**Dataset records**.
* * *

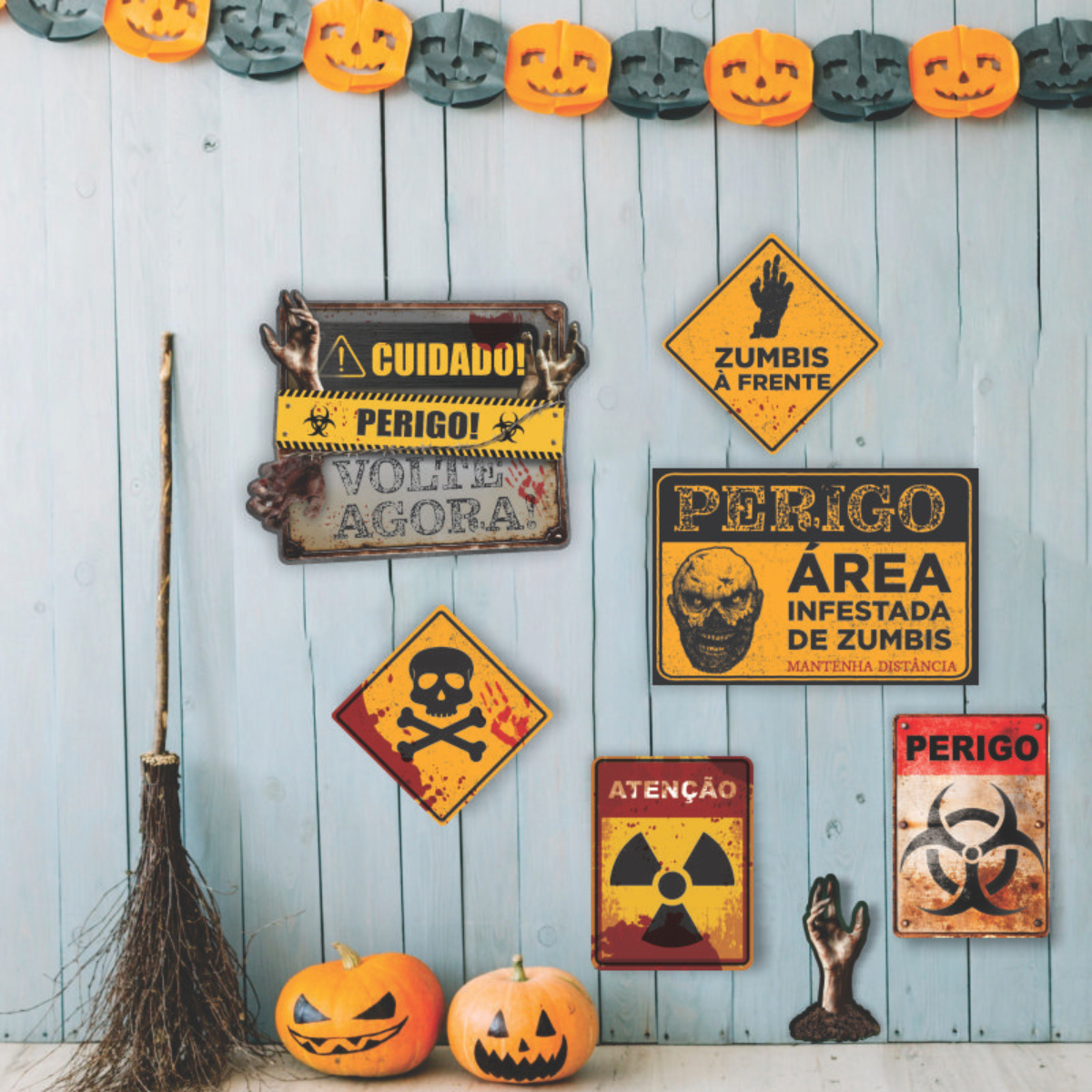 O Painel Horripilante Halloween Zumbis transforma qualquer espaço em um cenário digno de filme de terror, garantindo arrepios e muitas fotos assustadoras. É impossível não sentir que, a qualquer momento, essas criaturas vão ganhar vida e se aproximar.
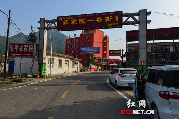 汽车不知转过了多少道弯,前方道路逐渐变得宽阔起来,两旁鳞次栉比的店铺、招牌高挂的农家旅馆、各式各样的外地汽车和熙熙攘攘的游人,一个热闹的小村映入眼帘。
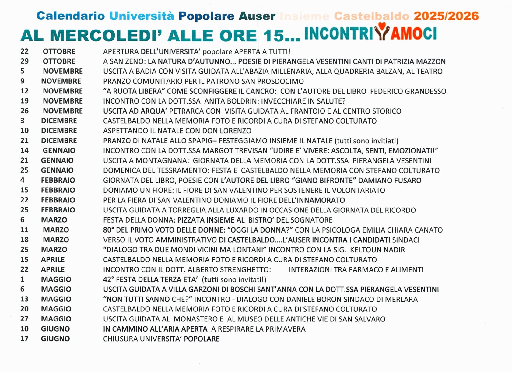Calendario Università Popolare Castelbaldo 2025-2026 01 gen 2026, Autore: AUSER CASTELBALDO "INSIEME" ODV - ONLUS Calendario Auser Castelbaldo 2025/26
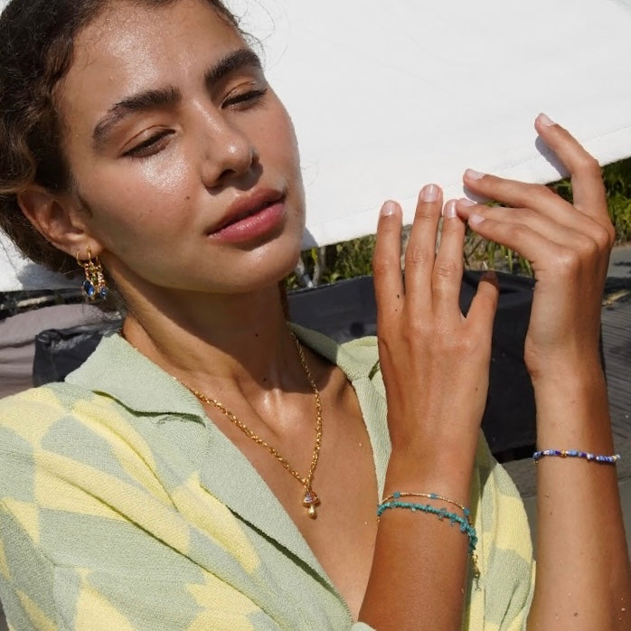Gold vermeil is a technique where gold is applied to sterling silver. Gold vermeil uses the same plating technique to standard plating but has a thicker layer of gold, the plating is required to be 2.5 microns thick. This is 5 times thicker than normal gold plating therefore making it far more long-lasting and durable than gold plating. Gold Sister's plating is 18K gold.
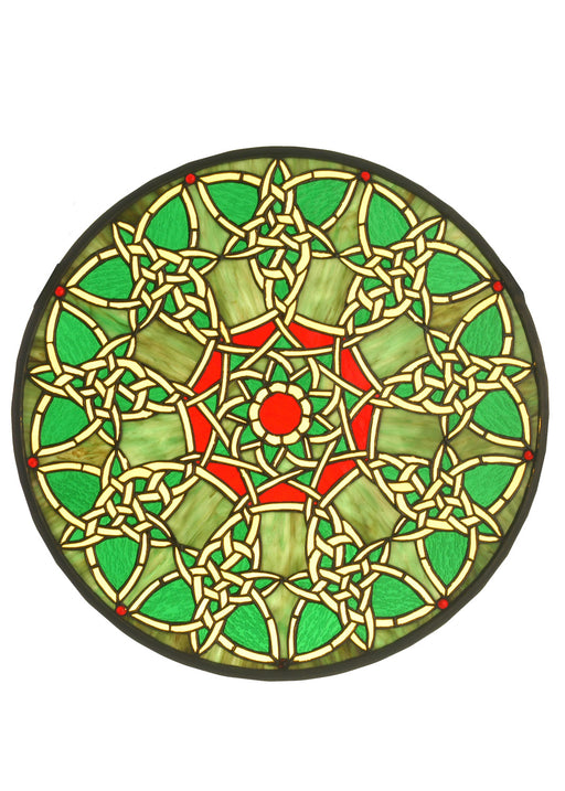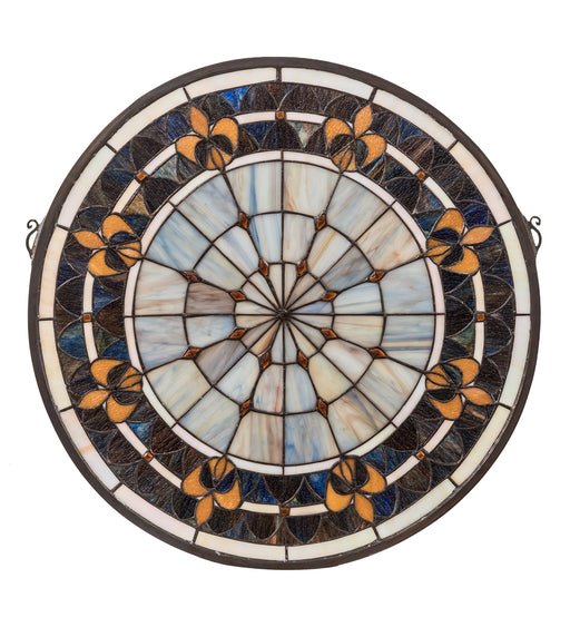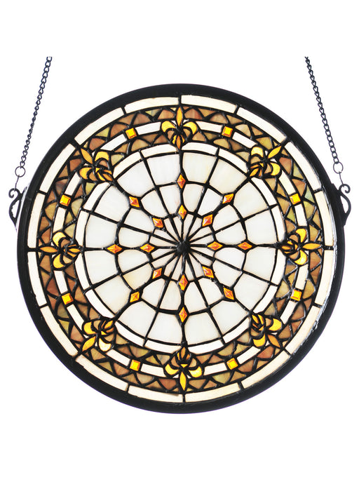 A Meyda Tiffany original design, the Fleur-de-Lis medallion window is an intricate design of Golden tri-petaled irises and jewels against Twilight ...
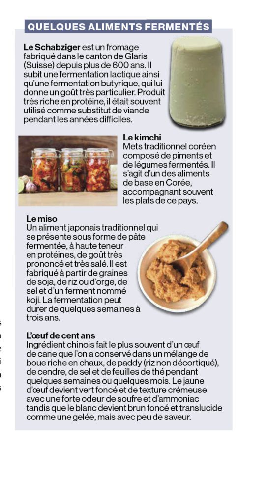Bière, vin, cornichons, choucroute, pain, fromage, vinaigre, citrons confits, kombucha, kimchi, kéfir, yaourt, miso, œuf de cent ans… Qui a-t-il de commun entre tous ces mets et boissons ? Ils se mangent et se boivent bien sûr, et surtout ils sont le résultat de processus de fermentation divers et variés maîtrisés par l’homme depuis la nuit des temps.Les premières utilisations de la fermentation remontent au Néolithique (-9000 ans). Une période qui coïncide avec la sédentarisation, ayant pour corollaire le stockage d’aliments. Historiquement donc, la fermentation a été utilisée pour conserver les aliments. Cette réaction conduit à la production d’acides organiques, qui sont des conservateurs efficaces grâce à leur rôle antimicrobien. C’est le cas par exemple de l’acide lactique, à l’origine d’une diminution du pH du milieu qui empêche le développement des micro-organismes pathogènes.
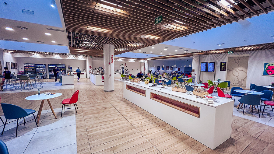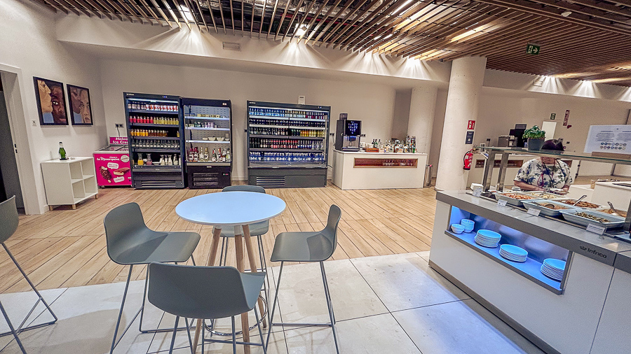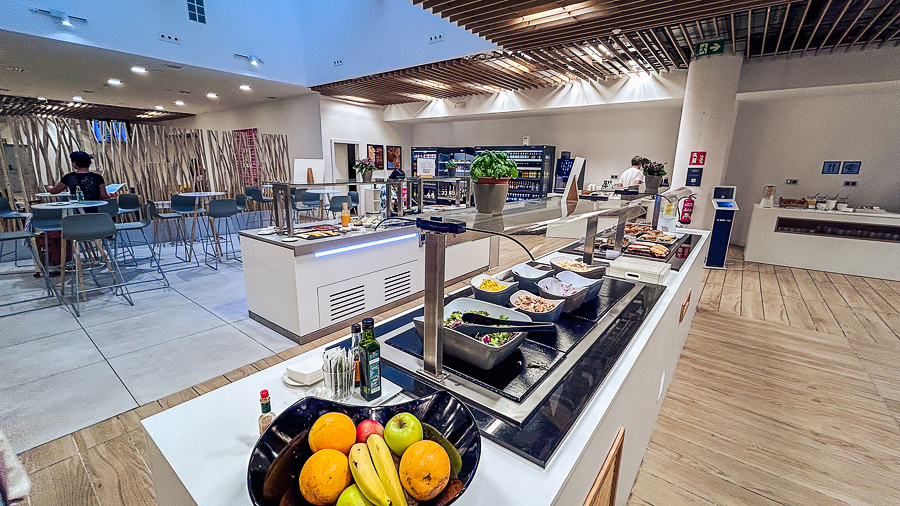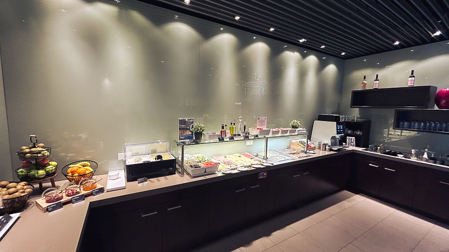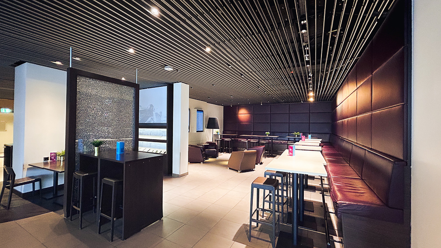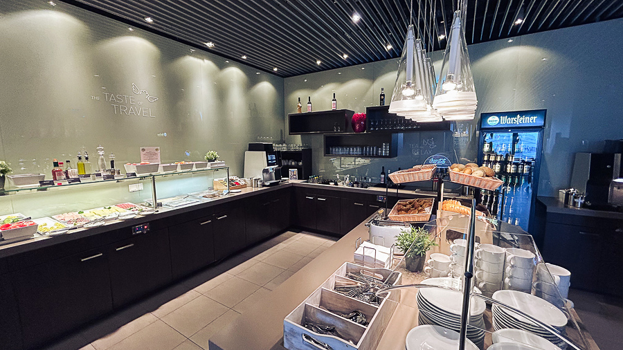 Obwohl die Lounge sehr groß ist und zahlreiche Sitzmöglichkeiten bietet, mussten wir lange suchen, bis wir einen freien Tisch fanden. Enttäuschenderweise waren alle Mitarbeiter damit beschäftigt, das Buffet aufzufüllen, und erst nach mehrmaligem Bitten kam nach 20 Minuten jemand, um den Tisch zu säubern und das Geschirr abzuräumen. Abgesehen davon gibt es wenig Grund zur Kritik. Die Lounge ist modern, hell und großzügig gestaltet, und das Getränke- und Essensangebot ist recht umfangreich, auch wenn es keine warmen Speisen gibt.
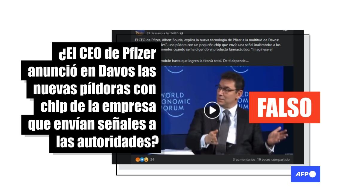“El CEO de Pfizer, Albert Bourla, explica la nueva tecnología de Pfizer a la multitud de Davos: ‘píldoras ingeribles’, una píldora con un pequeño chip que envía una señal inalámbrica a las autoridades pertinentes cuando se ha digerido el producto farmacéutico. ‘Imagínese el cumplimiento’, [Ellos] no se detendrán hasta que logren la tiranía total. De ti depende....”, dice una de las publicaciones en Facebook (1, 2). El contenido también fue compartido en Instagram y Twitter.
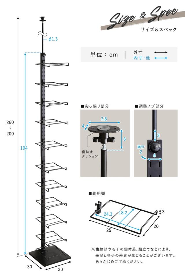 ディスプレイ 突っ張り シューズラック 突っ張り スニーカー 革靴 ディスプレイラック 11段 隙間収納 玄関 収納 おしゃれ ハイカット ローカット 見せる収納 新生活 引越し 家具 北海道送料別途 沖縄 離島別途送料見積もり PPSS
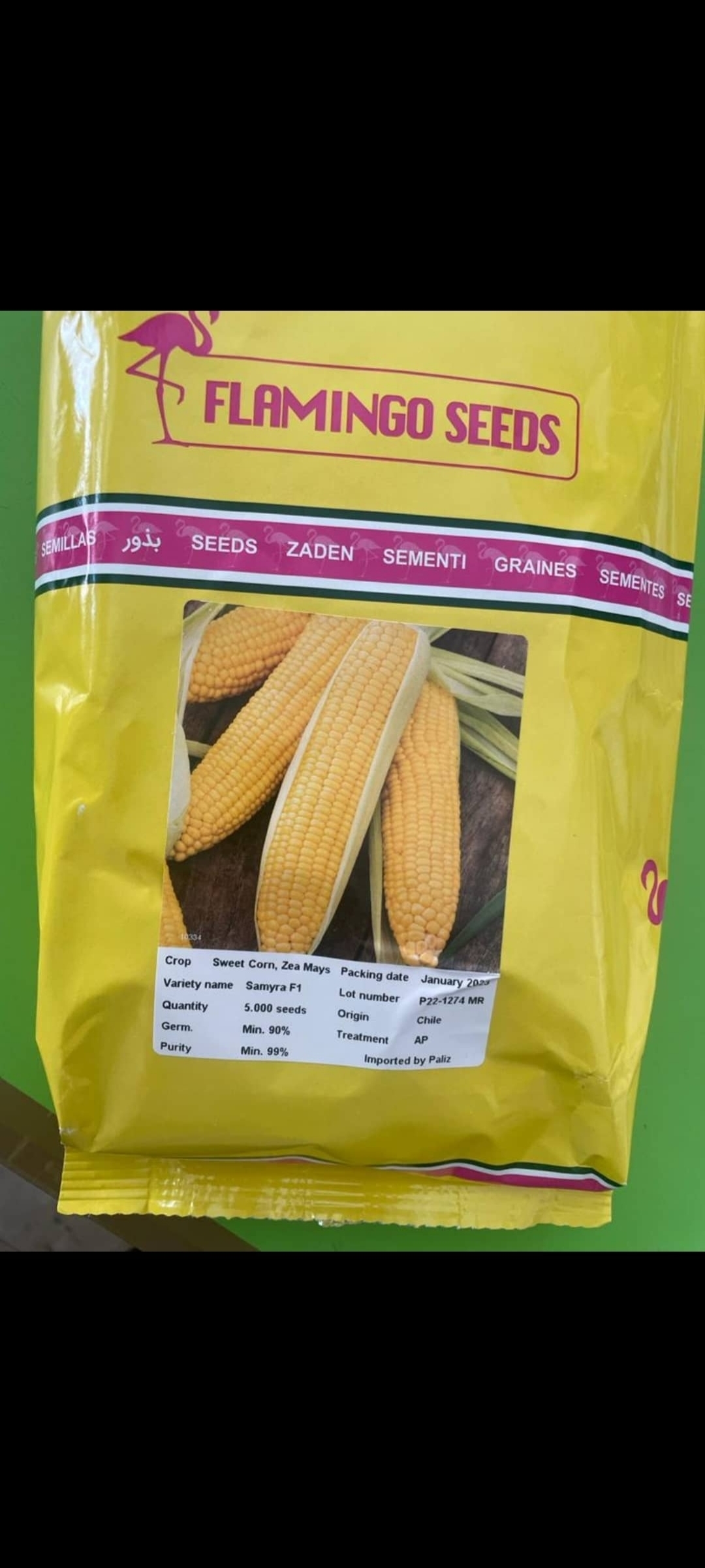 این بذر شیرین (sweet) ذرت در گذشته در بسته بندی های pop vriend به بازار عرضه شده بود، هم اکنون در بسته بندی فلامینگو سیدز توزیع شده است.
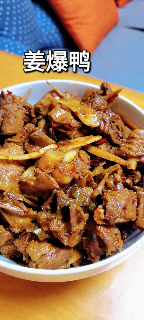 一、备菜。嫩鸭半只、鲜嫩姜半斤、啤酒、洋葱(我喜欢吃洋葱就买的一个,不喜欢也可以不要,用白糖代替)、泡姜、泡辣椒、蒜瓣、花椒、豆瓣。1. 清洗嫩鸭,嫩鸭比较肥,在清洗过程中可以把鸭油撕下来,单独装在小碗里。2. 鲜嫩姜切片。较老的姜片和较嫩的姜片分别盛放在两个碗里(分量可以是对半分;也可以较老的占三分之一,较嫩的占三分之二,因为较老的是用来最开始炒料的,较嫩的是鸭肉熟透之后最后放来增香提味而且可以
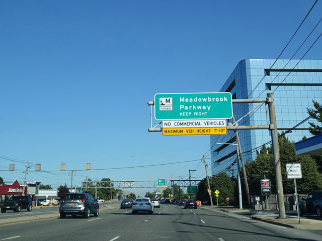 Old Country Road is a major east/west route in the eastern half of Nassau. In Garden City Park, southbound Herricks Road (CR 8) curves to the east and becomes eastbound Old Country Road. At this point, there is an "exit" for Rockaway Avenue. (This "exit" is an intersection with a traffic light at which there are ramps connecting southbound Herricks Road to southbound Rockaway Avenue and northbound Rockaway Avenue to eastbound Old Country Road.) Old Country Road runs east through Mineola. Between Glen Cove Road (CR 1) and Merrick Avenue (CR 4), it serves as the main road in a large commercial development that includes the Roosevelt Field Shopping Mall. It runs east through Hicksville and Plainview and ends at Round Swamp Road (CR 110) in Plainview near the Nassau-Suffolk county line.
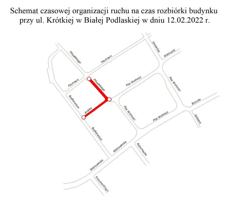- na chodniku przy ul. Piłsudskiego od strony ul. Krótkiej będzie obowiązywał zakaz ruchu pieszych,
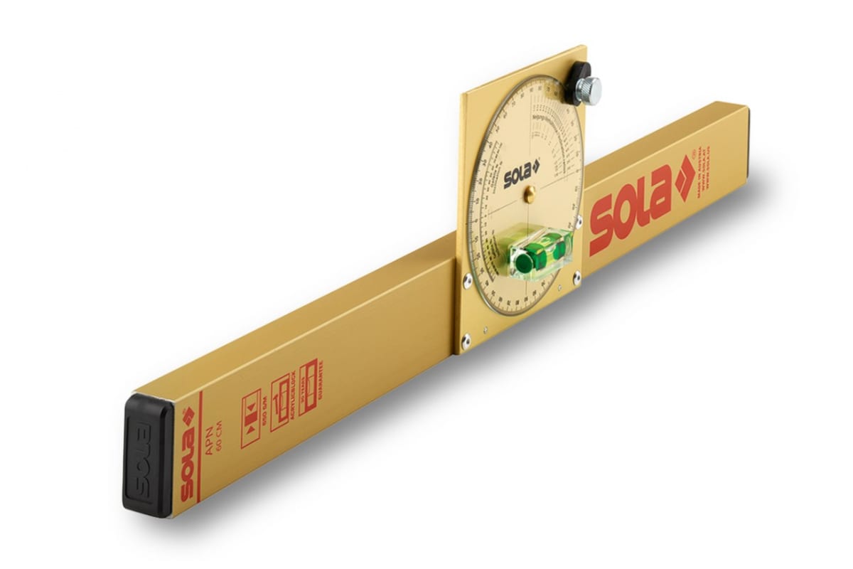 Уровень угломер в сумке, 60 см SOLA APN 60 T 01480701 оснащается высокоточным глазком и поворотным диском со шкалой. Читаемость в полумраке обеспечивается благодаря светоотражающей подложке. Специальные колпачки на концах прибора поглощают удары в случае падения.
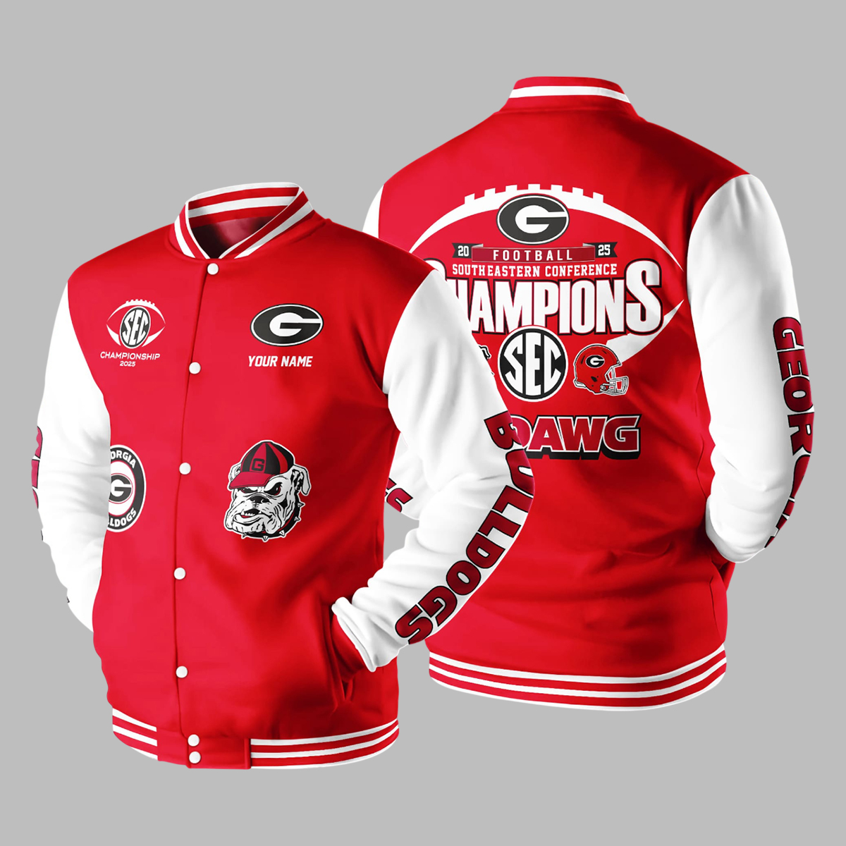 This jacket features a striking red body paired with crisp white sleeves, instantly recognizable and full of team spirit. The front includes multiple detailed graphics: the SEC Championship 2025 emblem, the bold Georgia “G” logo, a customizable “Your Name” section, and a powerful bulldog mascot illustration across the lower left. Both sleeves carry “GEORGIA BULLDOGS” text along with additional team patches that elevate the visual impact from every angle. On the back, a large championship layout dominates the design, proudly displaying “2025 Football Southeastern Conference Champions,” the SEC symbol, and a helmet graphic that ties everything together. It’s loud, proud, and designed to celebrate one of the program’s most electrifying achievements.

* * *

**Problem to work on**.
Type the entries again verbatim. Any pictures should be skipped.

**Response to the task**.
 O Painel Horripilante Halloween Zumbis transforma qualquer espaço em um cenário digno de filme de terror, garantindo arrepios e muitas fotos assustadoras. É impossível não sentir que, a qualquer momento, essas criaturas vão ganhar vida e se aproximar.
 汽车不知转过了多少道弯,前方道路逐渐变得宽阔起来,两旁鳞次栉比的店铺、招牌高挂的农家旅馆、各式各样的外地汽车和熙熙攘攘的游人,一个热闹的小村映入眼帘。
Calendario Università Popolare Castelbaldo 2025-2026 01 gen 2026, Autore: AUSER CASTELBALDO "INSIEME" ODV - ONLUS Calendario Auser Castelbaldo 2025/26
Gold vermeil is a technique where gold is applied to sterling silver. Gold vermeil uses the same plating technique to standard plating but has a thicker layer of gold, the plating is required to be 2.5 microns thick. This is 5 times thicker than normal gold plating therefore making it far more long-lasting and durable than gold plating. Gold Sister's plating is 18K gold.
 A Meyda Tiffany original design, the Fleur-de-Lis medallion window is an intricate design of Golden tri-petaled irises and jewels against Twilight ...
Bière, vin, cornichons, choucroute, pain, fromage, vinaigre, citrons confits, kombucha, kimchi, kéfir, yaourt, miso, œuf de cent ans… Qui a-t-il de commun entre tous ces mets et boissons ? Ils se mangent et se boivent bien sûr, et surtout ils sont le résultat de processus de fermentation divers et variés maîtrisés par l’homme depuis la nuit des temps.Les premières utilisations de la fermentation remontent au Néolithique (-9000 ans). Une période qui coïncide avec la sédentarisation, ayant pour corollaire le stockage d’aliments. Historiquement donc, la fermentation a été utilisée pour conserver les aliments. Cette réaction conduit à la production d’acides organiques, qui sont des conservateurs efficaces grâce à leur rôle antimicrobien. C’est le cas par exemple de l’acide lactique, à l’origine d’une diminution du pH du milieu qui empêche le développement des micro-organismes pathogènes.
 Obwohl die Lounge sehr groß ist und zahlreiche Sitzmöglichkeiten bietet, mussten wir lange suchen, bis wir einen freien Tisch fanden. Enttäuschenderweise waren alle Mitarbeiter damit beschäftigt, das Buffet aufzufüllen, und erst nach mehrmaligem Bitten kam nach 20 Minuten jemand, um den Tisch zu säubern und das Geschirr abzuräumen. Abgesehen davon gibt es wenig Grund zur Kritik. Die Lounge ist modern, hell und großzügig gestaltet, und das Getränke- und Essensangebot ist recht umfangreich, auch wenn es keine warmen Speisen gibt.
“El CEO de Pfizer, Albert Bourla, explica la nueva tecnología de Pfizer a la multitud de Davos: ‘píldoras ingeribles’, una píldora con un pequeño chip que envía una señal inalámbrica a las autoridades pertinentes cuando se ha digerido el producto farmacéutico. ‘Imagínese el cumplimiento’, [Ellos] no se detendrán hasta que logren la tiranía total. De ti depende....”, dice una de las publicaciones en Facebook (1, 2). El contenido también fue compartido en Instagram y Twitter.
 ディスプレイ 突っ張り シューズラック 突っ張り スニーカー 革靴 ディスプレイラック 11段 隙間収納 玄関 収納 おしゃれ ハイカット ローカット 見せる収納 新生活 引越し 家具 北海道送料別途 沖縄 離島別途送料見積もり PPSS
 این بذر شیرین (sweet) ذرت در گذشته در بسته بندی های pop vriend به بازار عرضه شده بود، هم اکنون در بسته بندی فلامینگو سیدز توزیع شده است.
 一、备菜。嫩鸭半只、鲜嫩姜半斤、啤酒、洋葱(我喜欢吃洋葱就买的一个,不喜欢也可以不要,用白糖代替)、泡姜、泡辣椒、蒜瓣、花椒、豆瓣。1. 清洗嫩鸭,嫩鸭比较肥,在清洗过程中可以把鸭油撕下来,单独装在小碗里。2. 鲜嫩姜切片。较老的姜片和较嫩的姜片分别盛放在两个碗里(分量可以是对半分;也可以较老的占三分之一,较嫩的占三分之二,因为较老的是用来最开始炒料的,较嫩的是鸭肉熟透之后最后放来增香提味而且可以
 Old Country Road is a major east/west route in the eastern half of Nassau. In Garden City Park, southbound Herricks Road (CR 8) curves to the east and becomes eastbound Old Country Road. At this point, there is an "exit" for Rockaway Avenue. (This "exit" is an intersection with a traffic light at which there are ramps connecting southbound Herricks Road to southbound Rockaway Avenue and northbound Rockaway Avenue to eastbound Old Country Road.) Old Country Road runs east through Mineola. Between Glen Cove Road (CR 1) and Merrick Avenue (CR 4), it serves as the main road in a large commercial development that includes the Roosevelt Field Shopping Mall. It runs east through Hicksville and Plainview and ends at Round Swamp Road (CR 110) in Plainview near the Nassau-Suffolk county line.
- na chodniku przy ul. Piłsudskiego od strony ul. Krótkiej będzie obowiązywał zakaz ruchu pieszych,
 Уровень угломер в сумке, 60 см SOLA APN 60 T 01480701 оснащается высокоточным глазком и поворотным диском со шкалой. Читаемость в полумраке обеспечивается благодаря светоотражающей подложке. Специальные колпачки на концах прибора поглощают удары в случае падения.
 This jacket features a striking red body paired with crisp white sleeves, instantly recognizable and full of team spirit. The front includes multiple detailed graphics: the SEC Championship 2025 emblem, the bold Georgia “G” logo, a customizable “Your Name” section, and a powerful bulldog mascot illustration across the lower left. Both sleeves carry “GEORGIA BULLDOGS” text along with additional team patches that elevate the visual impact from every angle. On the back, a large championship layout dominates the design, proudly displaying “2025 Football Southeastern Conference Champions,” the SEC symbol, and a helmet graphic that ties everything together. It’s loud, proud, and designed to celebrate one of the program’s most electrifying achievements.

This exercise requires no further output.